Happy Birthday to ya Hoss!!!


----------



## DevinT (Dec 22, 2014)

Thanks everyone, we're off to Vegas for a surprise birthday party. They had to tell me so I'd show up.

I'm 50 today. Dang old.

Hoss


----------



## WildBoar (Dec 22, 2014)

Happy birthday, Devin! And remember, what happens in Vegas...

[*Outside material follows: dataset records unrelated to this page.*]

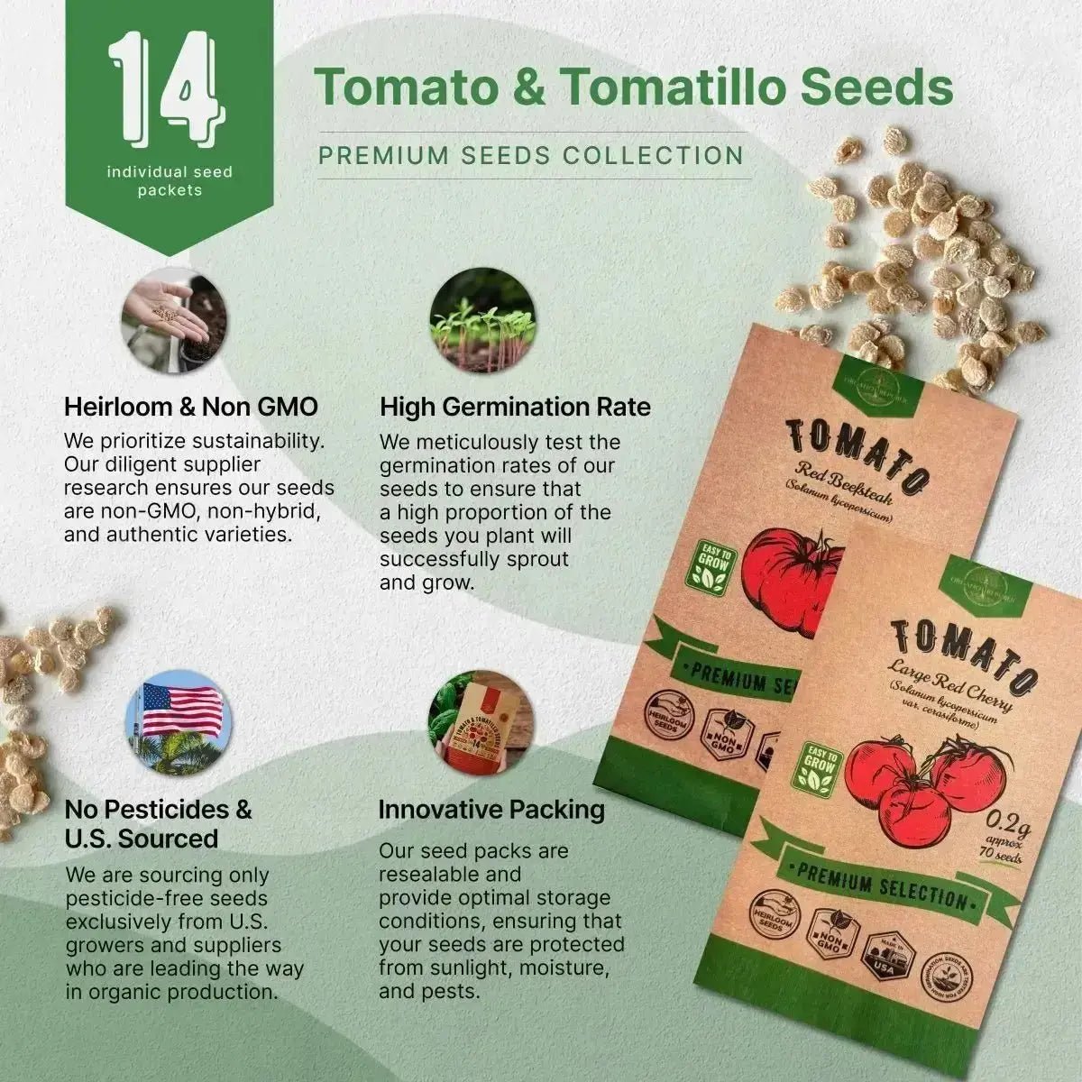 Elevate your gardening experience with the Organo Republic 14 Rare Tomato & Tomatillo Garden Seeds Variety Pack. These non-GMO heirloom seeds offer incredible value, with over 1,025 seeds for less than $1.80 per variety. This pack includes a diverse range of tomatoes and tomatillos: Tomatillo Cape Gooseberry, Tomatillo Grande Rio Verde, Tomato Amana Orange, Tomato Caribe, Tomato Dr. Wyche's Yellow, Tomato Flame, Tomato Large Cherry, Tomato Pink Thai Egg, Tomato Red Beefsteak, Tomato Red Pear, Tomato Roma VF, Tomato White Beefsteak, Tomato Yellow Pear, and Tomato Yellow Stuffer.
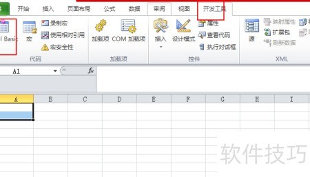 2、 在顶部菜单栏依次点击开发工具,然后选择Visual Basic。
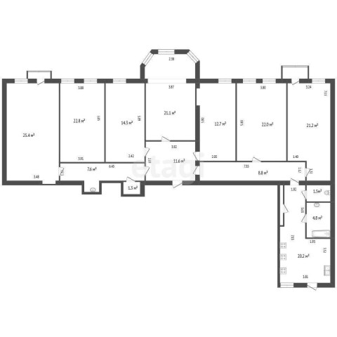 В центре города, в историческом здании «Доходный дом В. Е. Романова», расположена просторная 7-комнатная квартира.

Also, thanks for reaching 50 before me. Maybe you can let me know what to expect in a year or so?


----------



## apicius9 (Dec 22, 2014)

Happy Birthday! Vegas seems to be the place to celebrate that, have fun!

Stefan


----------



## Keith Sinclair (Dec 22, 2014)

Still a Spring Chicken Devin:hula:


----------



## Bill13 (Dec 22, 2014)

Devin,

Have a great B-Day, and have fun in Vegas!! I can't even remember what I got for my 50th and it was only last year, Vegas sounds like a really nice gift.


----------



## cclin (Dec 22, 2014)

Happy Birthday!


----------



## Dardeau (Dec 22, 2014)

Happy birthday!


----------



## HHH Knives (Dec 22, 2014)

Happy B Day Big Guy! 

And a Merry Christmas as well to you and Yours!! 

Blessings
Randy


----------



## WildBoar (Dec 22, 2014)

okay guys, time to start a GoFundMe to raise the bail money we'll probably be needing tomorrow...


----------



## pleue (Dec 22, 2014)

Happy birthday!


----------



## Mute-on (Dec 22, 2014)

Happy Birthday DT :hbday:


----------



## Mrmnms (Dec 22, 2014)

Get lucky, happy birthday


----------



## Lucretia (Dec 22, 2014)

Happy Birthday! You're still a sweet young thing!


----------



## BJE1 (Dec 22, 2014)

Happy Birthday


----------



## theo59 (Dec 23, 2014)

happy birthday devin


----------



## daddy yo yo (Dec 23, 2014)

DevinT said:


> Thanks everyone, we're off to Vegas for a surprise birthday party. They had to tell me so I'd show up.
> 
> I'm 50 today. Dang old.


not old, EXPERIENCED!!! 

Have a good one!


----------



## daveb (Dec 23, 2014)

Forty is the old age of youth; fifty the youth of old age. Victor Hugo

HBD!


----------



## mr drinky (Dec 24, 2014)

Happy birthday. With what did you cut the cake? Damascus, mystery steel, a butter knife?

k.


----------